Usufruct Rights in General
Usufruct rights are regulated under Article 794 et seq. of the Civil Code. Unless otherwise agreed, usufruct rights enable the usufructuary to fully use and enjoy the subject property, subject to such right. A usufruct right granted to a real person terminates upon the usufructuary’s death; whereas, those granted to legal entities terminate upon the expiration of the agreed upon time period by the parties. If there is no time restriction for usufruct rights granted to a legal entity, then the right terminates upon dissolution of the legal entity. A usufruct right can be granted to a legal entity for a maximum period of 100 years. The usufructuary is entitled to hold the subject of the right in its possession and manage, use, and benefit from it while, at the same time, it should fulfil its duty of care to the owner of the subject of the right as a diligent manager. On the other hand, the owner is entitled to object to the manner in which the usufructuary uses the subject of the right, if such usage is contrary to the law, or is inappropriate with the nature of the property. Unless otherwise agreed to, or the circumstances of the case require the enjoyment of the right by the usufructuary, personally, the usufructuary may transfer the entitlement to enjoy the right to a third party. In such a case, the owner would be entitled to exercise its rights and direct its claims directly to the transferee.

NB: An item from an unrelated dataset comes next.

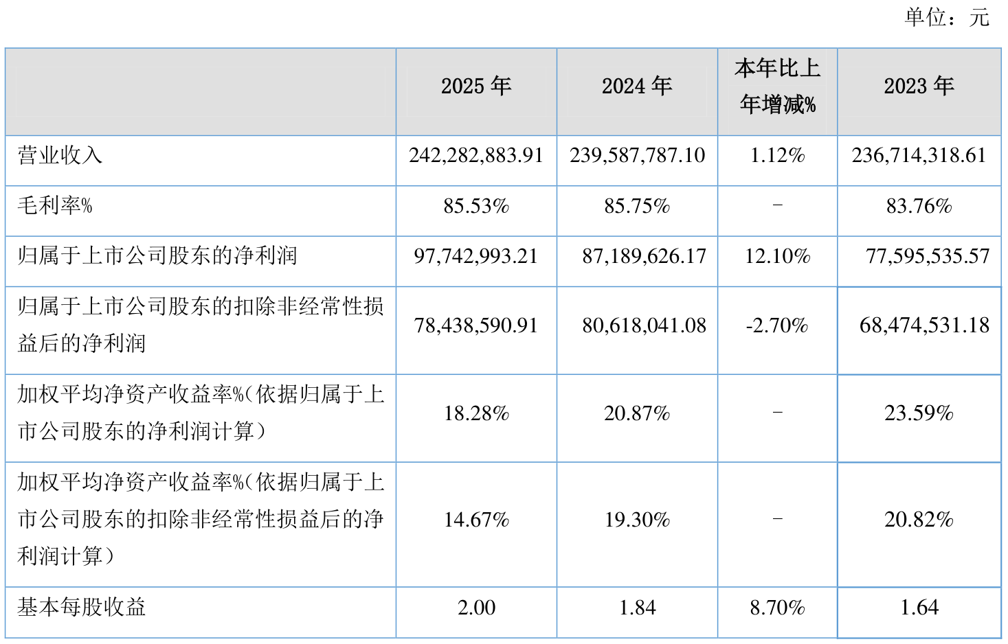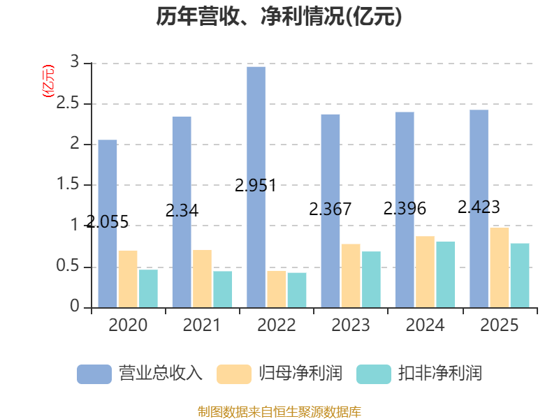 中证智能财讯丹娜生物(920009)4月8日披露2025年年度报告。2025年,公司实现营业总收入2.42亿元,同比增长1.12%;归母净利润9774.3万元,同比增长12.10%;扣非净利润7843.86万元,同比下降2.70%;经营活动产生的现金流量净额为1.07亿元,同比增长4.21%;报告期内,丹娜生物基本每股收益为2.00元,加权平均净资产收益率为18.28%。公司2025年度分配预案为:拟向全体股东每10股转4股,派现5元(含税)。

Establishment of Usufruct Rights on Joint Stock Company’s Registered Shares and Registration in the Share Ledger
Pursuant to Article 795/1 of the Civil Code, a usufruct right is established on a movable property through the transfer of possession; whereas, it is established on receivables through the procedure of assignment of receivables. Accordingly, if the registered share is printed, the usufruct right is established through endorsement and delivery of the share certificate for usufruct purposes. It is possible to establish such right without the endorsement of the share certificate, by way of a written assignment declaration indicating the purpose of establishment of usufruct right, and transfer of the share certificate’s possession.[3] It is not mandatory that the share is represented by a printed share certificate for the establishment of the usufruct right; it may be also established on unprinted shares by way of a written usufruct right agreement to be made in accordance with the provisions of assignment of receivables.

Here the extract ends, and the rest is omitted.